Simple explanation of MapReduce?

reefnet_alex picture reefnet_alex · Aug 26, 2008 · Viewed 70k times · Source

Related to my CouchDB question.

Can anyone explain MapReduce in terms a numbnuts could understand?

Answer

chakrit picture chakrit · Aug 27, 2008

Going all the way down to the basics for Map and Reduce.


Map is a function which "transforms" items in some kind of list to another kind of item and put them back in the same kind of list.

suppose I have a list of numbers: [1,2,3] and I want to double every number, in this case, the function to "double every number" is function x = x * 2. And without mappings, I could write a simple loop, say

A = [1, 2, 3]
foreach (item in A) A[item] = A[item] * 2

and I'd have A = [2, 4, 6] but instead of writing loops, if I have a map function I could write

A = [1, 2, 3].Map(x => x * 2)

the x => x * 2 is a function to be executed against the elements in [1,2,3]. What happens is that the program takes each item, execute (x => x * 2) against it by making x equals to each item, and produce a list of the results.

1 : 1 => 1 * 2 : 2  
2 : 2 => 2 * 2 : 4  
3 : 3 => 3 * 2 : 6  

so after executing the map function with (x => x * 2) you'd have [2, 4, 6].


Reduce is a function which "collects" the items in lists and perform some computation on all of them, thus reducing them to a single value.

Finding a sum or finding averages are all instances of a reduce function. Such as if you have a list of numbers, say [7, 8, 9] and you want them summed up, you'd write a loop like this

A = [7, 8, 9]
sum = 0
foreach (item in A) sum = sum + A[item]

But, if you have access to a reduce function, you could write it like this

A = [7, 8, 9]
sum = A.reduce( 0, (x, y) => x + y )

Now it's a little confusing why there are 2 arguments (0 and the function with x and y) passed.
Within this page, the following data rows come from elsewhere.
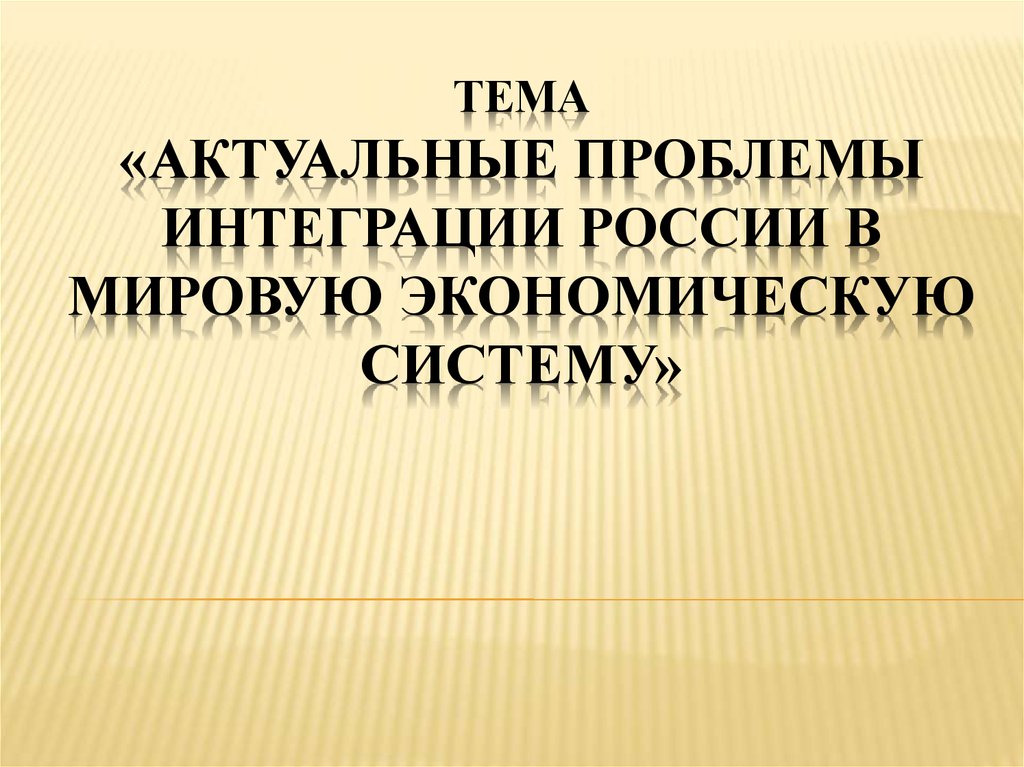 1. Тема «Актуальные проблемы интеграции России в мировую экономическую систему»
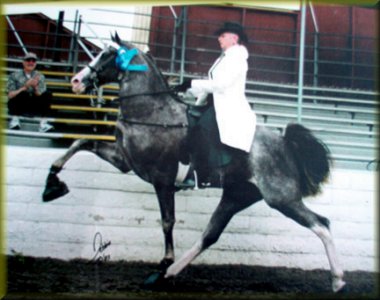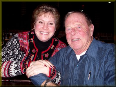 < < My dad and I at dinner (December 07) I don't have any other photos of my dad on a horse (may he RIP) - but here's Sally with a couple of their Tennessee Walking Horses! |
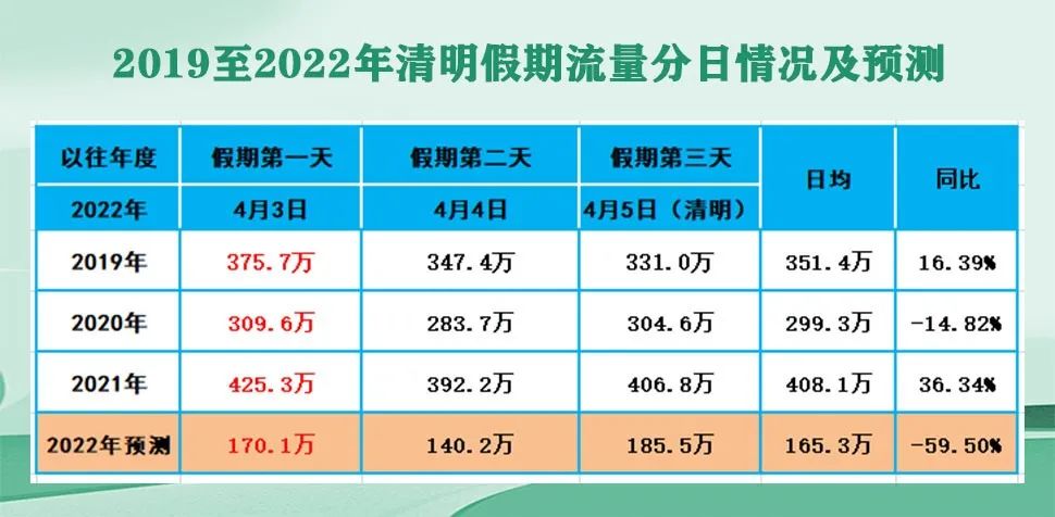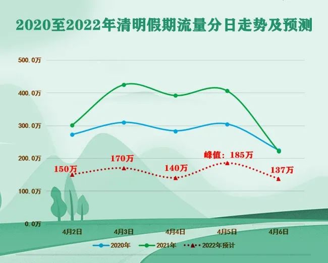 (一)根据疫情防控形势以及历年清明假期路网数据走势分析,预测2022年清明期间(3天),全省高速公路出入口总流量为495万辆,日均流量165万辆,较去年同比下降59.5%,低于日常流量。预判峰值日出现在4月5日,流量为185万辆,较日常流量相差不大。
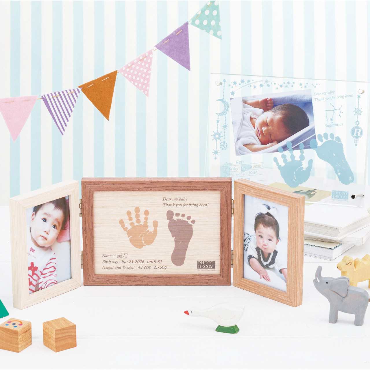 選べる完成品の種類/アクリルフレーム:手形足形(ホワイト・ブルー・ピンク)約25x18.5cmサービスサイズ1枚セット可。木製フレーム:ナチュラル・マルチカラー約43x15cm、サービスサイズ2枚セット可。お名前・お誕生日・生まれた時の体重・身長のほか、アクリルフレームには、星座のイラストやイニシャルをプリント。
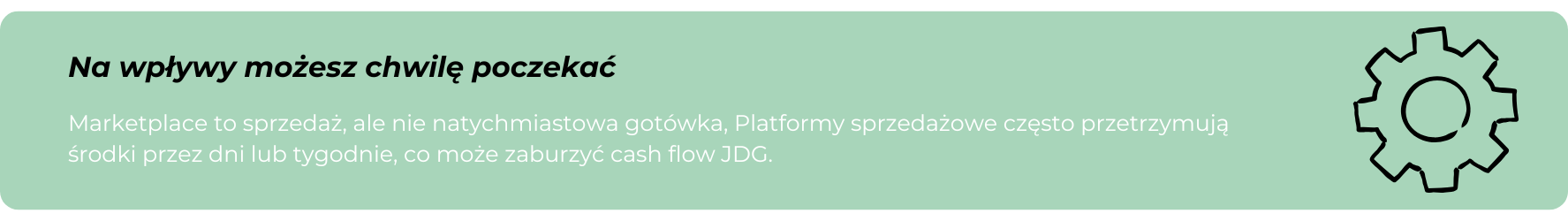 Marketplace’y są wygodne, bo dają dostęp do klientów, ale mają swoją cenę z punktu widzenia cash flow. Pieniądze często nie trafiają do Ciebie od razu. Czasem są wypłacane raz w tygodniu, czasem po spełnieniu określonych warunków, a czasem z opóźnieniem wynikającym z polityki zwrotów. Dla księgowości JDG sprzedaż już się wydarzyła, ale dla Twojego konta bankowego jeszcze niekoniecznie.
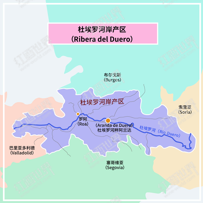 杜埃羅河岸位于伊比利亞半島(Iberian Peninsula)北部的高地,是卡斯蒂利亞-萊昂自治區(qū)(Castilla y Leon)的著名子產(chǎn)區(qū)。該產(chǎn)區(qū)沿杜埃羅河(Rio Duero)及其支流分布,在行政區(qū)劃上涉及索里亞(Soria)、布爾戈斯(Burgos)、巴利亞多利德(Valladolid)和塞哥維亞(Segovia)這四個省。產(chǎn)區(qū)葡萄園占地約22,500公頃,多分布于海拔760至945米的高地,且集中在河岸朝北或朝南的山坡上。
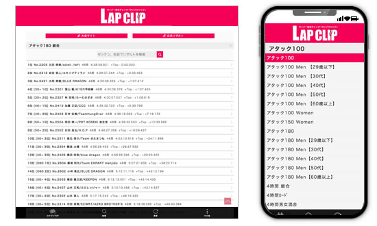 ラップ一覧チェックサイト〈LAP CLIP〉は、スマートフォンやタブレットなどで参加者のラップタイムが一覧表やグラフ形式でリアルタイムに確認できるサービスです。また、エンデューロでは記録証を、アタックでは完走証のダウンロードが可能です。

For a reduce function to be useful, it must be able to take 2 items, compute something and "reduce" that 2 items to just one single value, thus the program could reduce each pair until we have a single value.

the execution would follows:

result = 0
7 : result = result + 7 = 0 + 7 = 7
8 : result = result + 8 = 7 + 8 = 15
9 : result = result + 9 = 15 + 9 = 24

But you don't want to start with zeroes all the time, so the first argument is there to let you specify a seed value specifically the value in the first result = line.

say you want to sum 2 lists, it might look like this:

A = [7, 8, 9]
B = [1, 2, 3]
sum = 0
sum = A.reduce( sum, (x, y) => x + y )
sum = B.reduce( sum, (x, y) => x + y )

or a version you'd more likely to find in the real world:

A = [7, 8, 9]
B = [1, 2, 3]

sum_func = (x, y) => x + y
sum = A.reduce( B.reduce( 0, sum_func ), sum_func )

Its a good thing in a DB software because, with Map\Reduce support you can work with the database without needing to know how the data are stored in a DB to use it, thats what a DB engine is for.

You just need to be able to "tell" the engine what you want by supplying them with either a Map or a Reduce function and then the DB engine could find its way around the data, apply your function, and come up with the results you want all without you knowing how it loops over all the records.

There are indexes and keys and joins and views and a lot of stuffs a single database could hold, so by shielding you against how the data is actually stored, your code are made easier to write and maintain.

Same goes for parallel programming, if you only specify what you want to do with the data instead of actually implementing the looping code, then the underlying infrastructure could "parallelize" and execute your function in a simultaneous parallel loop for you.